In duplicating the lines below, keep every word unchanged and drop the pictures.

:: Dataset extract

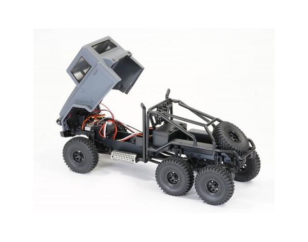 Carry a spare battery inside the functional toolbox for even longer runs. The clipless, hinged matt finished cab body can be lifted for quick and direct access for battery changes. Chrome effect side exhaust covers link up with the moulded roll cage for a cool scale finish, while front and
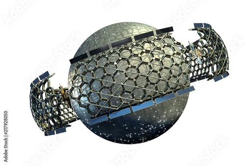 The watermark will not be included on Wall mural.: Spaceship with a planetary sphere surrounded by a geodesic structure
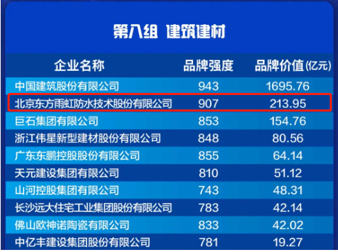 東方雨虹品牌價值213.95億元上榜2021中國品牌價值評價信息榜

::::

» **Task output**:
 Carry a spare battery inside the functional toolbox for even longer runs. The clipless, hinged matt finished cab body can be lifted for quick and direct access for battery changes. Chrome effect side exhaust covers link up with the moulded roll cage for a cool scale finish, while front and
 The watermark will not be included on Wall mural.: Spaceship with a planetary sphere surrounded by a geodesic structure
 東方雨虹品牌價值213.95億元上榜2021中國品牌價值評價信息榜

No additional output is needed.